Supreme Court Order – August 11, 2025

  • Directive: Delhi government & local bodies to immediately capture stray dogs and place them in shelters.
  • Restriction: Not a single dog picked up shall be released back on the streets/public spaces.
  • Case Type: Suo motu hearing on increasing stray dog attacks, including on infants.
  • Public Reaction:
    • Support: Given rising number of dog bites and fear of rabies.
    • Criticism:
      • Delhi lacks adequate shelter capacity.
      • Practicality of housing tens of thousands of dogs questioned.
      • Concerns over long-term viability without population control or vaccination.

Relevance : GS 1(Indian Society) , GS 2(Social Issues )

Core Problem – Dog Counting & Data Gaps

  • Policy Framing Issue:
    • India’s most recent nationwide stray dog count – Livestock Census 2019.
    • Delhi-specific dog census – 2016.
    • 2025 policies are being framed using 6–9-year-old estimates.
  • Implications:
    • Population dynamics (birth rates, deaths, abandonment) change rapidly.
    • Outdated data distorts vaccination targets, shelter capacity planning, and resource allocation.
    • Leads to data-policy mismatch.

State-wise Data Anomalies from 2019 Livestock Census

  • Tamil Nadu:
    • 4.4 lakh stray dogs recorded.
    • 8.3 lakh dog bites in the same year – ~2 bites per stray dog.
    • High bite rate raises suspicion of undercounted dog population.
  • Manipur:
    • Recorded 0 stray dogs in census (implausible).
    • 5,500 dog bite cases recorded the same year.
  • Odisha:
    • 17.3 lakh dogs (2nd highest in India).
    • 1.7 lakh bites – ~100 bites per 1,000 dogs, much lower than Tamil Nadu’s 1,900 per 1,000 dogs.
  • Inference:
    • Bite data (hospital-reported) is reliable because rabies fears compel victims to seek treatment.
    • Therefore, discrepancy lies in dog population data, not bite data.

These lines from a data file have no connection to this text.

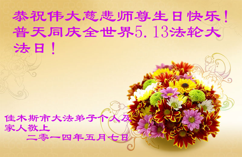 黑龍江省佳木斯一大法修煉者恭賀世界法輪大法日!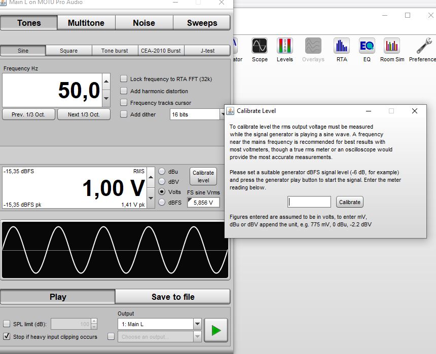 L'option de REW signalée par Thierry n'est pas une limitation du niveau de sortie mais une option de présentation de l'échelle. En principe on affiche un signal à 0dBFS quand la valeur peak est au max de l'échelle. Certains préfèrent afficher -3dBFS pour indiquer la valeur RMS de ce signal sinus. C'est seulement une une préférence de présentation.
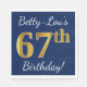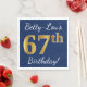Den här enkla pappra napkin-designen innehåller ett meddelande som "Betty-Lous 67:e födelsedag!", där "67:e" har ett faux-guld-liknande utseende på blå färgad. Namn kan anpassas. Den skulle kunna användas i en födelsedagsfest till någon som firar sin sextiosjunde födelsedag. [~Z0000083]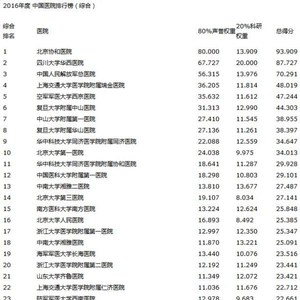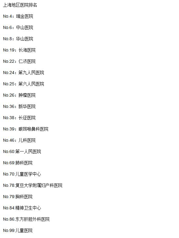 在全国医院综合排名百名名单中,上海3家医院入围前十,分别为上海交大医学院附属瑞金医院、复旦大学附属中山医院、复旦大学附属华山医院。除此之外,长海医院、仁济医院、上海市第九人民医院、上海市第六人民医院、复旦大学附属肿瘤医院、新华医院、长征医院、复旦大学附属眼耳鼻喉科医院、复旦大学附属儿科医院等总计20家医院均入围榜单。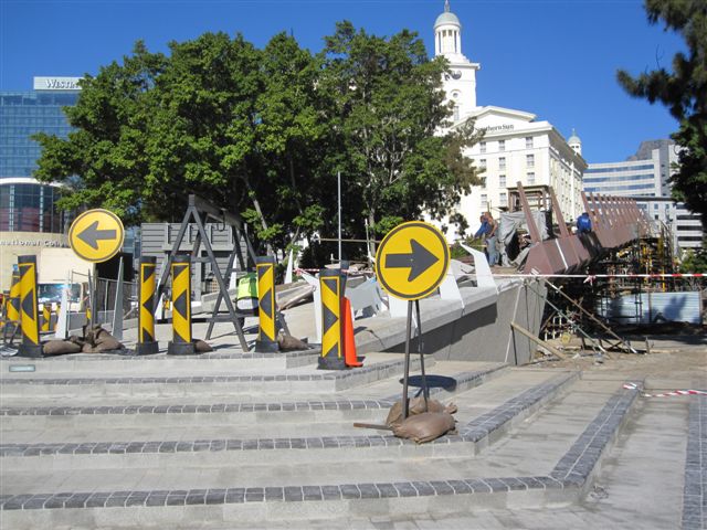 Die Fussgängerbrücke von der Waterfront in die Innenstadt muss auch noch ein wenig mehr bearbeitet werden; haben auch sonntag geschafft...

Data-Driven Policy Potential

  • Learning Opportunity:
    • Tamil Nadu (high bite rate) could learn preventive measures from Odisha (low bite rate).
    • But absence of accurate population data prevents targeted policy replication.
  • Statistical Ratios:
    • Tamil Nadu – ~1,900 bites per 1,000 dogs (extremely high).
    • Odisha – ~100 bites per 1,000 dogs (low).
  • Current Scenario:
    • No inter-state knowledge sharing based on bite-per-dog ratios.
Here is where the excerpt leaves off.